START MATERIAL FOR THIS EXERCISE
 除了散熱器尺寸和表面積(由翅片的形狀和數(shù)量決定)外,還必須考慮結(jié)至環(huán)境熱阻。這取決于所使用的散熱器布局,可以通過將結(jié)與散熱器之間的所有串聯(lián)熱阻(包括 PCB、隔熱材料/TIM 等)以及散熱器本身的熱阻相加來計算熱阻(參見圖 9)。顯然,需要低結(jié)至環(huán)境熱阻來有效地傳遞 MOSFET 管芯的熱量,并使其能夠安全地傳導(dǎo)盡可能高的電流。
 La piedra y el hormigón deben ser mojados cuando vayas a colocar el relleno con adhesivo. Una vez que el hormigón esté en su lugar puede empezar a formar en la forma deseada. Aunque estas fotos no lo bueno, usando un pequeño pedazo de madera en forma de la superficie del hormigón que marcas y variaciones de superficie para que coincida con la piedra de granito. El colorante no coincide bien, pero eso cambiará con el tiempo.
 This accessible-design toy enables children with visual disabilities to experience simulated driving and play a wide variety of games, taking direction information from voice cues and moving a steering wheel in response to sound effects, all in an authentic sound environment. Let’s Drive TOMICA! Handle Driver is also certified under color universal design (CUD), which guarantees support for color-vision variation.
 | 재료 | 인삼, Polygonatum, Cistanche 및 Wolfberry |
END MATERIAL FOR THIS EXERCISE
START MATERIAL FOR THIS EXERCISE
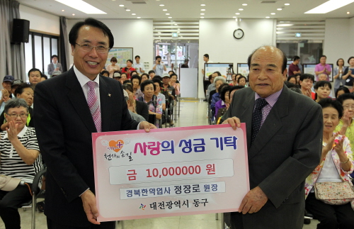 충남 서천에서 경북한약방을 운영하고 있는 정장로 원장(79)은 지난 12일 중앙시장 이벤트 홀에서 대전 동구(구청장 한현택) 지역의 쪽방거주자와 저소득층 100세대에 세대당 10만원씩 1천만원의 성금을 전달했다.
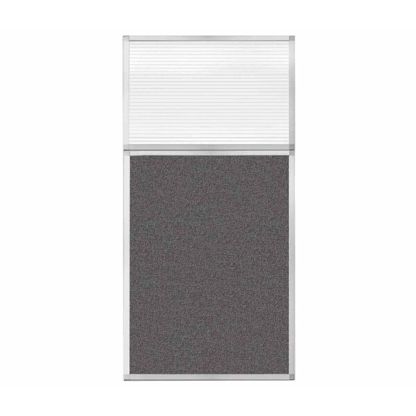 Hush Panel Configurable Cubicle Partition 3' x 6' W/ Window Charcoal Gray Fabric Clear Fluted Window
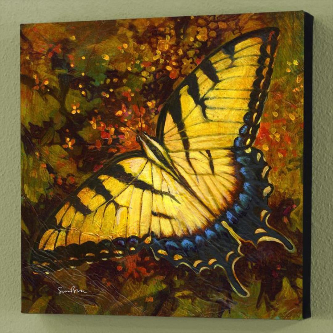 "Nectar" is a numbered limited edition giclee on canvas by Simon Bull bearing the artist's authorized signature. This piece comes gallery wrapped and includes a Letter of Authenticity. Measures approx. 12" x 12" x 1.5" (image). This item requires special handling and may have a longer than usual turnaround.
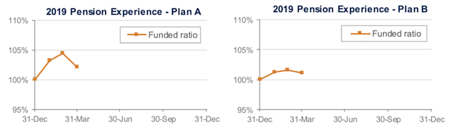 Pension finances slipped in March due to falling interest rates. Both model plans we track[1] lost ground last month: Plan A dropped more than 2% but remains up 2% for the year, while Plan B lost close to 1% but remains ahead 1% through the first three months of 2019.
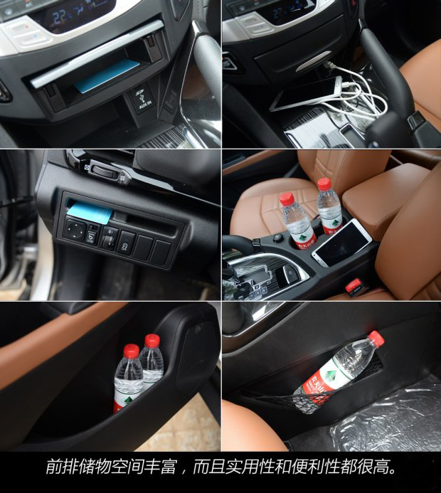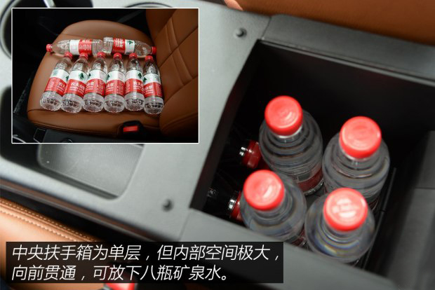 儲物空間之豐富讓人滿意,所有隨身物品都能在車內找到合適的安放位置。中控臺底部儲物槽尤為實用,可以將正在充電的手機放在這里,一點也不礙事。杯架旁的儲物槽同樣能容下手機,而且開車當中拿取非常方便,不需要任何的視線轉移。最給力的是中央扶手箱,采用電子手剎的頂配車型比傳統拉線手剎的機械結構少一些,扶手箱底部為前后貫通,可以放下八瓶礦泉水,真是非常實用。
END MATERIAL FOR THIS EXERCISE
START MATERIAL FOR THIS EXERCISE
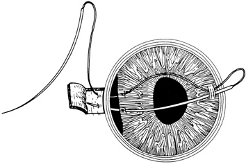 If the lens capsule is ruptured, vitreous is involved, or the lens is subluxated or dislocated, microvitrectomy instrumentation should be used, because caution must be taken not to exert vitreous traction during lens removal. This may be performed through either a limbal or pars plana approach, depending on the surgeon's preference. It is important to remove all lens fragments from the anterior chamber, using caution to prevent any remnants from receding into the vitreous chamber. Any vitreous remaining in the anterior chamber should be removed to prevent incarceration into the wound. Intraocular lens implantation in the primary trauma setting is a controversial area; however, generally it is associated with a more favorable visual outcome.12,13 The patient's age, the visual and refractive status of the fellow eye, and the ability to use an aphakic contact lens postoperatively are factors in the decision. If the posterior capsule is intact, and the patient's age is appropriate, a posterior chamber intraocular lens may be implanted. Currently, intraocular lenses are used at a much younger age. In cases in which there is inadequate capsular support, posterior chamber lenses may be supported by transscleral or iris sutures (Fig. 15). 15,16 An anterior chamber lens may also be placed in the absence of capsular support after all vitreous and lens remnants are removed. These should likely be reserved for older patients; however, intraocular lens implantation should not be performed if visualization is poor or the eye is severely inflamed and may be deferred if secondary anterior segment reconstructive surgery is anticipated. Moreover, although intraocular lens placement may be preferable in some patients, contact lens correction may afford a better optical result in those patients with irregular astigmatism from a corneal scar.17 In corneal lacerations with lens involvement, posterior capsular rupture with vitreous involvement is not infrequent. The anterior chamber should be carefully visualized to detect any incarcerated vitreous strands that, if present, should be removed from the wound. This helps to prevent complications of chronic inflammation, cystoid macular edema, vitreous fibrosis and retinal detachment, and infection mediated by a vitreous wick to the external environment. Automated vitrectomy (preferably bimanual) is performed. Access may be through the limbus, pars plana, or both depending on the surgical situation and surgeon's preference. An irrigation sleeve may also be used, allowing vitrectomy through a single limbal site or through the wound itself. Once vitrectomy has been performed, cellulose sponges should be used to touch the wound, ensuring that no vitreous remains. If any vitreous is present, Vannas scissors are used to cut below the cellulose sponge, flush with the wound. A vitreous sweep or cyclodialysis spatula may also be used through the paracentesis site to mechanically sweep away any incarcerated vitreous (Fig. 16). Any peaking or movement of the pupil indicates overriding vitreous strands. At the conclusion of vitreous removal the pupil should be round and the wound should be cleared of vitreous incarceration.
END MATERIAL FOR THIS EXERCISE
### TASK
Give back exactly the lines of the listing above from the one that contains "충남 서천에서 경북한약방을" up to and including the one that contains "儲物空間之豐富讓人滿意,所有", but not the pictures, and no other lines.

### WRITTEN SOLUTION
 충남 서천에서 경북한약방을 운영하고 있는 정장로 원장(79)은 지난 12일 중앙시장 이벤트 홀에서 대전 동구(구청장 한현택) 지역의 쪽방거주자와 저소득층 100세대에 세대당 10만원씩 1천만원의 성금을 전달했다.
 Hush Panel Configurable Cubicle Partition 3' x 6' W/ Window Charcoal Gray Fabric Clear Fluted Window
 "Nectar" is a numbered limited edition giclee on canvas by Simon Bull bearing the artist's authorized signature. This piece comes gallery wrapped and includes a Letter of Authenticity. Measures approx. 12" x 12" x 1.5" (image). This item requires special handling and may have a longer than usual turnaround.
 Pension finances slipped in March due to falling interest rates. Both model plans we track[1] lost ground last month: Plan A dropped more than 2% but remains up 2% for the year, while Plan B lost close to 1% but remains ahead 1% through the first three months of 2019.
 儲物空間之豐富讓人滿意,所有隨身物品都能在車內找到合適的安放位置。中控臺底部儲物槽尤為實用,可以將正在充電的手機放在這里,一點也不礙事。杯架旁的儲物槽同樣能容下手機,而且開車當中拿取非常方便,不需要任何的視線轉移。最給力的是中央扶手箱,采用電子手剎的頂配車型比傳統拉線手剎的機械結構少一些,扶手箱底部為前后貫通,可以放下八瓶礦泉水,真是非常實用。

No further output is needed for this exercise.